À partir des temps forts de son expérience américaine, il donne rendez-vous à ceux qui ont compté pour lui. C’est le cas de la famille Khel, avec Andy, Vanessa et Rachel, une sorte de seconde famille d’accueil pour Max avec qui il a noué des liens très forts. En allant à leur rencontre, une nouvelle fois, le youtubeur interroge leurs trajectoires. Devenus grands-parents et grevés par des problèmes de santé de plus en plus persistants, ils ont perdu la maison qu’ils occupaient jadis. Ultimement, ils se sont laissé volontiers convaincre par Trump, cet « homme d’affaires qui sait comment gérer un business ». Bon gré mal gré, le documentaire se place en contre-plongée de la société américaine, et dessine une tendance politique cadrée à hauteur des plus faibles.
Le fond de l’air a-t-il vraiment changé depuis Les raisins de la colère (1939) de John Steinbeck ? On touche un peu, ici, le nœud de toute cette histoire : la violence du déclassement vécue par la quasi-intégralité de ses interlocuteurs. Le sujet de la paupérisation est extrêmement présent, en creux, durant l’intégralité de la série : après la pandémie du covid 19 et les multiples crises qui ont secoué les États-Unis, ses anciens amis font figure d’autant de petits rescapés. Cette vérité prend un tout autre sens quand le youtubeur se rend compte que la région est sujette à des tornades. Un peu comme ils l’ont toujours fait, les Okies vivent au gré des tempêtes
Deux visions de l’Amérique s’opposent, incarnées par deux couleurs politiques irréconciliables : le rouge rubis des républicains et le bleu roi des démocrates. Elle est symbolisée, dans le documentaire, par un rituel que Max Laulom prend avec chacun de ses interlocuteurs : il leur demande, à la fin de leurs échanges, de choisir entre une casquette de Kamala Harris et une casquette de Donald Trump. Tout dans les réponses, aussi bien que dans le choix, trahit une certaine tension, une frustration qui ne parvient pas à s’exprimer. Plus tard, dans une manifestation pro-Trump, un pasteur prophétise même une guerre civile et confie s’y préparer pour défendre sa famille et sa maison…
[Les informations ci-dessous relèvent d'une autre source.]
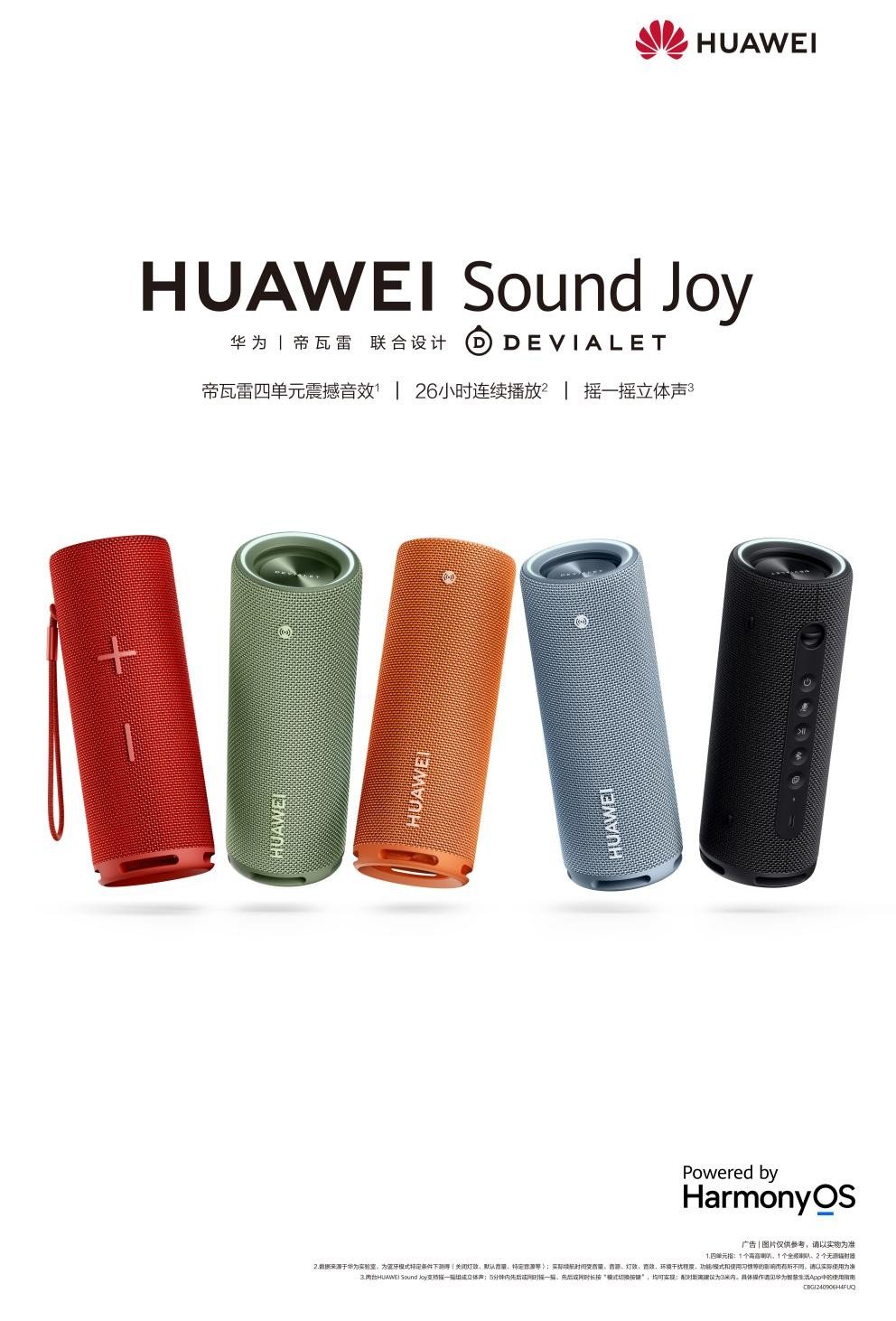在今年的3月份,华为给出了答案,其发布了可连续播放时间长达26小时的华为Sound Joy,在具备完美音质的同时,解决了户外音箱续航短的痛点。9月6日,在华为Mate50系列及全场景新品秋季发布会上,华为Sound Joy又新增了两款新配色——海岛蓝和活力橙。目前有曜石黑、云杉绿、珊瑚红、活力橙、海岛蓝,5种颜色选择。

Un petit détail, qui a toute son importance, jalonne la série. Au moment de son départ, Max Laulom s’est inscrit à la newsletter politique du candidat Trump. L’occasion pour lui de mettre en lumière les techniques marketing agressives qui existent au pays de l’Oncle Sam. Les épisodes défilent et les SMS s’accumulent dans un coin de l’écran. «Merci d’être venue à mon rallye, Max !» En donnant l’illusion d’une communication directe, Donald Trump et ses équipes de communication usent de techniques de communication douteuses mais diablement efficaces, en nouant des relations parasociales avec leurs potentiels électeurs. Le tout saupoudré de messages politiques radicaux comme, par exemple, «Le changement climatique est un gros canular».
En effet, Maxime Laulom n’a pas trouvé l’espoir qu’il était venu chercher. Donald Trump a été réélu grâce, en partie, à ses amis d’hier et d’aujourd’hui. Il a vécu une sorte de désillusion du rêve américain qui l’avait porté jadis jusque sur le nouveau continent. Avec son reportage, il livre un récit doux-amer et interroge des gens, avant d’interroger un phénomène. Ce documentaire ne tombe pas dans le piège de la confrontation et du voyeurisme, mais nous incite, au contraire, à replacer devant les idées, des visages et des êtres humains. Voilà qui fait du bien. Heureux hasard, il termine son voyage à New York, dans une ville ou un maire socialiste vient d’être élu. Face a la marée républicaine, un peu d’espoir en vue ?
Max Laulom, High School Radical. Retour chez mes potes trumpistes. Quatre épisodes de vingt minutes sur Arte.